Partnership expands mental health care access

By Laura Gasque

With the growing need for psychiatric and mental health care resources, the University of Alabama at Birmingham School of Nursing and Bibb Medical Center are expanding services to provide specialized care to patients across the lifespan. Two UABSON Psychiatric-Mental Health Nurse Practitioners are now available to see patients at the Centreville clinic.

Associate Professor and Interim Associate Dean for Clinical and Global Partnerships Michele Talley, PhD, CRNP, ACNP-BC, FAANP, FNAP, FAAN (BSN 1996, MSN 2005, PhD 2015), said the School has prioritized help for rural communities, where mental health resources are sometimes scarce.

“We are trying to replicate and broaden services to meet the needs of Alabamians and improve access to care,” Talley said. "We can’t be discouraged by barriers of care; Instead, we must press on to care for the most vulnerable of populations in our state.”

Bibb Medical Center Chief Executive Officer Joseph Marchant said there is a significant need for behavioral health care in the community. Before the clinic opened, patients had to travel to Birmingham or Tuscaloosa for those services. Marchant hopes the convenient access in a discreet setting will encourage patients to seek care.

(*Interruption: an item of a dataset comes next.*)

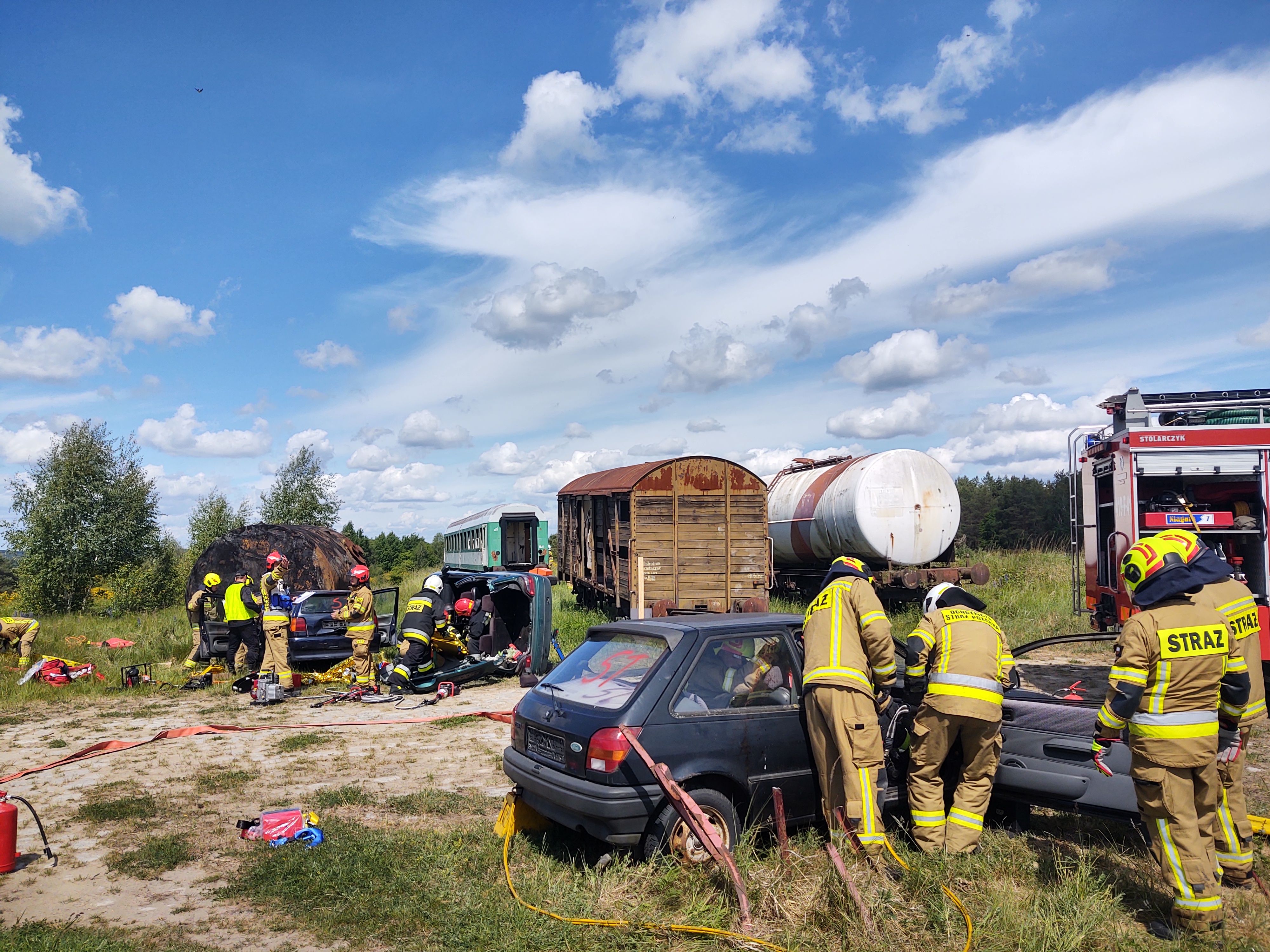 Na nieoznakowanym przejeździe kolejowym dochodzi do wypadku. Pociąg osobowy uderza w przejeżdżające przez przejazd samochody. W samochodach zostają uwięzieni ludzie. W wyniku zdarzenia poszkodowana jest również grupa rowerzystów i pieszych znajdujących się w pobliżu przejazdu. Po kolizji pociąg przejeżdża dalej, jeden z wagonów wykoleja się. Dochodzi do nagłego zatrzymania składu, podróżujący pociągiem doznają obrażeń, część osób zostaje uwięziona w przedziałach. W całym zdarzeniu jest duża ilość osób poszkodowanych. Na szczęście to tylko scenariusz ćwiczeń pod kryptonimem „Przejazd 2022”, które zostały przeprowadzone w dniu 31 maja przez Komendę Powiatową Państwowej Straży Pożarnej w Sulęcinie. Głównym celem ćwiczeń było doskonalenie prowadzenia działań ratowniczo – gaśniczych podczas zdarzeń o charakterze mnogim/masowym. W ćwiczeniach udział brały zastępy z KP PSP w Sulęcinie, zastępy OSP z Trzemeszna Lub., Torzymia i Glisna, zastępy WSP Komendy poligonu i MPS oraz zaproszona Sekcja Rat. Medycznego z SGSP.

“Integrating it into a traditional primary care setting was really our model. It was, how can we normalize this in a way that’s just health care? It’s not mental health, it’s just health care,” Marchant said. “If you pull up in the parking lot or if you’re sitting in a waiting room, no one’s the wiser of what you’re there for relative to your needs.”

UABSON Instructor Brenda Mayfield, MSN, CRNP, PMHNP-BC (MSN 2018), has seen patients at the clinic since November 2020.

“I have seen patients who were very, very sick who are very, very stable now,” Mayfield said of the impact of care. “Patients with bipolar disorder or schizophrenia, I’ve seen some of those patients—they’ve gone back to work, they’ve gone back to school, they’re functioning well in the community. They’re not in the hospital, they’re not on the streets, and so we continue to try and build support systems around them.”

The recent addition of UABSON Instructor Simone Durand, MSN, MS, CRNP, PMHNP-BC (BSN 2011, MSN 2013), enabled the clinic to provide targeted care to patients across the lifespan three days a week.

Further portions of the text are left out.